Re the kitten milk, it's the equivalent of feeding your toddler McDonalds milkshake all the time. It probably has a little goodness in it, but not enough to justify it really, and as you've already seen, it's just as addictive as that milkshake is to kids. If he's eating plenty of wet food, he won't need to drink much anyway, so don't worry. Have you thought about giving him a good, high meat content wet food? I'd up the quantity of Whiskas anyway as by your posts, he's only getting about 1 to 1 and a half pouches a day which might not be enough, although saying that, he's still a tiddler. Just feed him as much as he wants. In the long run though, I'd consider changing. Cats are obligate carnivores, meaning that they can only draw nutrition from meat and nothing else. If you look on the Whiskas packet, you may just be as horrified as I was to learn that 4% meat content is all that's declared. That means that potentially, up to 96% of what's in the packet is not only unusable, but is likely to be contributing to the formation of diabetes, obesity etc.

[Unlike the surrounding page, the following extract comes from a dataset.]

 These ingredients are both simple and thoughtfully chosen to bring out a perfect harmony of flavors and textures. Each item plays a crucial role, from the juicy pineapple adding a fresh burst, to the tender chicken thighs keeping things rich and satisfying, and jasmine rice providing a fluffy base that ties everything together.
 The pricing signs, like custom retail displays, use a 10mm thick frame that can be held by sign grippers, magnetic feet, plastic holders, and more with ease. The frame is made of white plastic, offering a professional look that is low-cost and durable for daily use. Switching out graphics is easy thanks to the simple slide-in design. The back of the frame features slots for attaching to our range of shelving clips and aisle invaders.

Just something to think about. Well done for ditching the dry!


----------



## OrientalSlave (Jan 26, 2012)

lloydie08 said:


> Hmm, I was reasured by the CHARITY I got him through that he would be fine! :sneaky2: We have just kept him to the living room and hall for the
> <snip>


All rescues are really stretched at this time of year - we are right in the middle of kitten season. So yes, they let kittens go rather too young as they consider it the lesser of two evils. The last litter I fostered went back to the rescue at 8 weeks, got vet checked and first shots and were rehomed at 9 weeks along with a voucher for their second shot and for neutering.


----------



## OrientalSlave (Jan 26, 2012)

carly87 said:


> <snip>
> If you look on the Whiskas packet, you may just be as horrified as I was to learn that 4% meat content is all that's declared.
> <snip>


Think that's the 4% of whatever it's meant to taste of, but I agree it's not a good food. I found that online (the only place I can get it!) Bozita is about the same price per kilo as Felix etc., and it's a better quality food. The cartons contain 370g of food so equivalent to about 4 pouches - a bit more than 4x85g and a bit less than 4x100g. I found the cartons were easy to reclose to go in the fridge until the next meal.

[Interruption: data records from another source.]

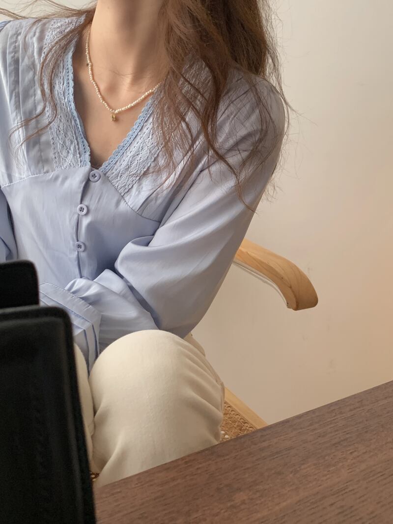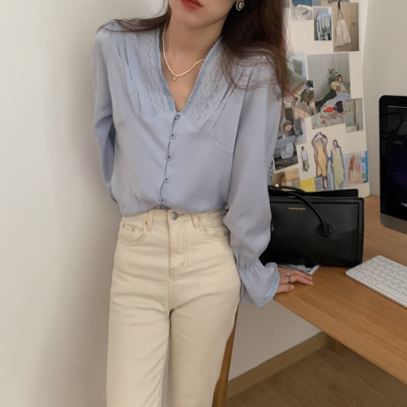 (2色選択可) トップス ブラウス 長袖 Vネック 刺繍 前開き 綿 かわいい 大人可愛い きれいめ 大人 上品 おしゃれ お洒落 大人女子 こなれ感 ラブリー キュート ガーリー エレガント モダン 主役級 存在感 無地 春 夏 秋 10代 20代 30代 OL 通勤 学生 通学 デート お出かけ お泊まり 休日 高原 ホテル ガーデン レストラン 普段使い モテ 体系カバー 激安 安い 送料無料 ホワイト ライトブルー | Chère
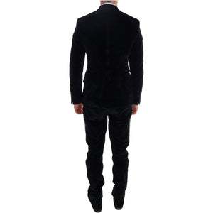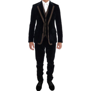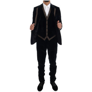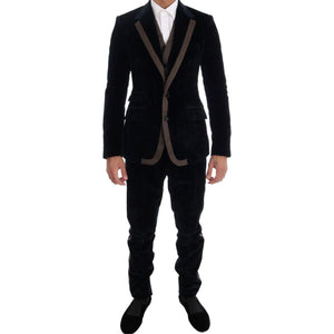 بدلة دولتشي آند غابانا الأنيقة ذات التصميم الضيق والمكونة من ثلاث قطع باللون الأزرق
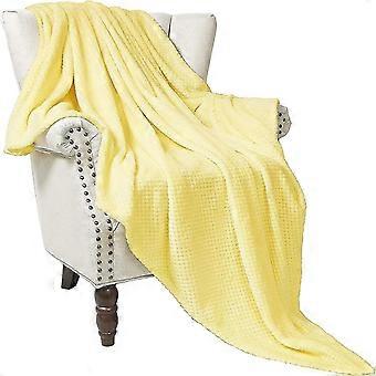 Waffle Textured Extra Large Fleece Blanket, Super Soft and Warm Throw Blanket for Sofa and Bed (Light yellow, 127*178cm)-Cozy, Fuzzy and Lightweight

My cats liked all the ones I've tried so far except the rabbit one. Elk was the first one I opened and they loved that one! (and it mentions 4% elk on the packet...)

The other thing I'd suggest is to look in a well-known chain of supermarkets (the yellow & black one) for their stainless steel feeding bowls. They are the cheapest I've found, go through the dishwasher like a dream and more hyginic as the plastic ones get scratched over time. You will need quite a few as at present he needs feeding several times a day and it should be a clean dish each time. I used a large stainless steel dog bowl for water, and I don't give milk of any kind.


----------



## Satori (Apr 7, 2013)

He is a cutie. As others have said, ditch the dry. I wouldn't even wait to finish the bag; just ditch it.

I noticed in the photo that he has a collar on and, obviously, you were with him at the time. I would just advise at his age not to leave him unsupervised with a collar.


----------



## Satori (Apr 7, 2013)

OrientalSlave said:


> Think that's the 4% of whatever it's meant to taste of, but I agree it's not a good food.


That's right. Mars, like the vast majority of pet food companies do not declare the meat content of their food because the near non-existent regulations do not require them to, especially in Europe.


----------



## lloydie08 (Apr 7, 2013)

Satori said:


> He is a cutie. As others have said, ditch the dry. I wouldn't even wait to finish the bag; just ditch it.
> 
> I noticed in the photo that he has a collar on and, obviously, you were with him at the time. I would just advise at his age not to leave him unsupervised with a collar.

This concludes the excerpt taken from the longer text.